Çünkü o saat, sadece Mustafa Kemal’in değil, Türkiye’nin kalbidir.
Ve o kalp, yerinde — Çanakkale’de — atmalıdır.
Bir gün, o saat yeniden Conkbayırı’na dönerse, zamanı gösteren akrep ve yelkovan değil, tarihin nabzı atacaktır üzerinde.
O gün geldiğinde, Cumhuriyet’in temellerini atan o anda donup kalan zamanı bizler yeniden yaşarız.
O zamana dek, biz bu hikayeyi anlatmaya devam edeceğiz.
Çünkü bazen bir saat sadece zamanı değil, bir milletin kaderini de ölçer.
Olayın kronolojisi kısaca şöyle:
Tarih: 10 Ağustos 1915
Yer: Conkbayırı, Anafartalar Cephesi
Saat: Yaklaşık 07.00 (bazı kaynaklarda 07.10 olarak geçer)

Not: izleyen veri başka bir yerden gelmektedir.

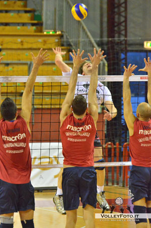 L’ultimo test che precede l’esordio nei play-off scudetto è una serie di esperimenti per la Sir Safety Perugia che schiera in campo un assetto rivoluzionato e mostra un gioco non proprio brillante ma che è migliorato col passare del tempo. Si è trattato comunque di un test probante quello contro la Sieco Service Ortona, formazione di categoria inferiore ma molto ben messa in campo. A cinque giorni dall’esordio nella post season gli umbri cercano la miglior condizione e le strategie più opportune per contrastare Piacenza (che in questo fine settimana si gioca la finale di Challege Cup). Il tecnico Kovac presenta alcune novità nel sestetto con l’utilizzo di Edgar da centrale e di Petric da opposto, soluzioni alternative in fase di valutazione, nella diagonale di posto-quattro oltre a capitan Vujevic c’è Schwarz. I padroni di casa cominciano timorosi e vanno subito sotto prendendo due murate (0-4). Il tempo di prendere le misure e Petric getta le basi della rimonta che permette l’aggancio sul 13-13. Le squadre si equivalgono per un po’ ma è ancora il muro di Muagututia a far ripartire gli ospiti che si mantengono avanti di un break sino al 21-23. La difesa di Giovi consente di salvare diversi palloni che Petric trasforma in attacco (62%), il suo nono pallone personale messo a terra vale il vantaggio. Il secondo set riparte nel segno degli abruzzesi che con Cetrullo trovano varchi a ripetizione prendendo il comando (5-7). I meccanismi dei block-devils in seconda linea non sono molto oliati e sono gli spunti in individuali di Vujevic ed Edgar a non far affondare i perugini che in ritardo di tre lunghezze trovano lo spunto giusto per piazzare il sorpasso (19-18). L’arrivo è in volata, Kovac getta nella mischia Van Harskamp e Tamburo ma stavolta i bianconeri falliscono le due occasioni del raddoppio e vengono puniti da Muagututia che pareggia i conti. Nella terza frazione Alletti lascia il campo a Semenzato ma gli uomini del presidente Sirci sono più sciolti e forzando in battuta, ma anche sfruttando i numerosi errori avversari, riescono a scavare un piccolo solco (15-9). Daldello stenta a trovare l’intesa al centro mentre battuta e muro funzionano e l’apporto del neo entrato Di Meo non riesce a fermare l’avanzata perugina che torna in vantaggio con una bomba da seconda linea di Petric. Il quarto frangente prende subito una piega decisa con il muro della Sir che sbarra la strada ad Ortona (8-3). Un passaggio a vuoto però rimette tutto in discussione sul 10-10 ma poi la spalla calda di Schwarz riporta il divario a quota di sicurezza (20-14). La differenza in campo diventa evidente con l’avvicendamento delle seconde linee e Perugia trionfa. E’ stato poi disputato anche un quinto set nel quale la Sieco si è imposta (18-25).

Olay: Mustafa Kemal, askerleri hücuma kaldırdığı sırada göğsüne isabet eden bir şarapnel parçasıyla sarsılır. Ancak cep saatine çarpan mermi, ölümcül bir yara açmadan durur.
Sonrası: Mustafa Kemal yere düşer, kısa bir süre bilincini kaybeder, sonra ayağa kalkar ve hücumu yönetmeye devam eder.
Cep saati: O dönem kullandığı kapağı bombayla ezilmiş cep saati, olayın en somut kanıtı olarak hem hatıratlarda hem de görsel kayıtlarla yer alır.
Bu bilgi, hem Atatürk’ün kendi hatıralarında hem de Asım Gündüz’ün anılarında doğrulanmıştır.